Blavatsky and Mary Poppins

London’s New Statesman for December 12 looks at “The strange life of the creator of Mary Poppins,” P. L. Travers, whose career is the subject of a new film, Saving Mr Banks, with Emma Thompson portraying Travers and Tom Hanks taking the role of Walt Disney. The film focuses on the clash of their different visions for bringing Mary Poppins to the screen. P. L. Travers was the name taken by Australian born writer Helen Lyndon Goff (1899-1996). Goff travelled to Ireland 1925, met the poet George “Æ” Russell, and “Intoxicated by Irish myths and folklore, Travers joined in the Dublin literati’s embrace of eastern philosophy, theosophy, Madame Blavatsky and other gurus.”  She met the spiritual teacher George Gurdjieff, studied Zen in Japan, and “In the 1960s Travers gravitated, as Isherwood and Huxley had earlier, to Jiddu Krishnamurti.”

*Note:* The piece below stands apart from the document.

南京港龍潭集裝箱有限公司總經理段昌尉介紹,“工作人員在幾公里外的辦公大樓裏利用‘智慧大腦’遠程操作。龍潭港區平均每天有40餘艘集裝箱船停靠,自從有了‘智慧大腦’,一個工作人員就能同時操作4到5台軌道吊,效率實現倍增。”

Travers is best known for Mary Poppins, the story of the quintessential English nanny published in London in 1934. The film that has occasioned the New Statesman piece, Saving Mr Banks, sees Walt Disney’s attempt to get the film rights for Travers’ book as a contest between entrepreneurship and rigid idealism. Travers’ concern was, as she later wrote, that “Magic conveyed in a book by words and the silence between words, inevitably, in a film, becomes trick.” The writer in the New Statesman, Valerie Grove, believes that for his 1964 movie adaptation, “Disney was right to excise from Mary Poppins the Zen mysticism and symbolism, about which academics had preposterously written lectures and learned papers.”

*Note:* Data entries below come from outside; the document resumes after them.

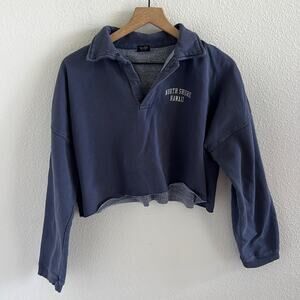 Brandy Melville John Galt Navy Cropped Sweatshirt North Shore Hawaii Graphic
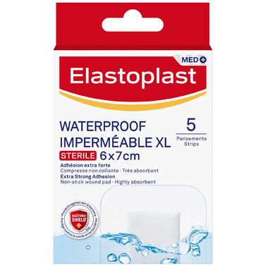 ELASTOPLAST Waterproof XL Dressings - Waterproof sterile dressings for post-operative and everyday large acute wounds. Elastoplast Waterproof XL Dressings are ideal for peace of mind when looking after post-operative and larger wounds. These XL dressings measure 6 x 7 cm to help seal the affected area against contamination from dirt or bacteria and feature a fully waterproof flexible film meaning they can stay on while showering, bathing or swimming. The non-stick, highly absorbent wound pad helps to protect and cushion the wound with a reliable 0% latex adhesion ensuring that the dressing stays in place during activity and in water.
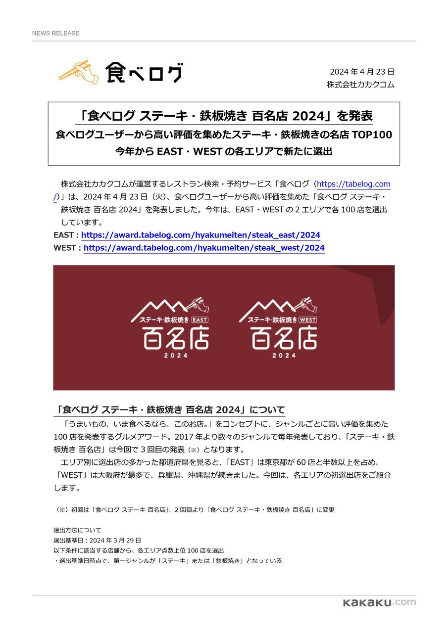 ※『食べログ ステーキ 百名店2024』の選出店は、こちら。

Manuscript page of P.L. Travers
Is there anything Theosophical about Mary Poppins? John Algeo, Professor Emeritus of English in the University of Georgia who has written on Theosophy, thinks so, and his study Theosophy, Fantasy, and Mary Poppins, has just been made available as an e-book from Theosophy Forward.

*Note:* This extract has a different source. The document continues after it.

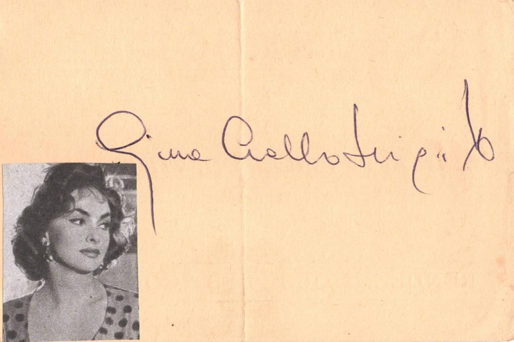 Autografo di Gina Lollobrigida celebre attrice italiana.

H.P.B.’s friend, George Russell, said of the book: “Had [Mary Poppins] lived in another age, in the old times to which she certainly belongs, she would undoubtedly have had long golden tresses, a wreath of flowers in one hand, and perhaps a spear in the other. Her eyes would have been like the sea, her nose comely, and on her feet winged sandals. But, this age being the Kali Yuga, as the Hindus call it, . . . she comes in habiliments suited to it.”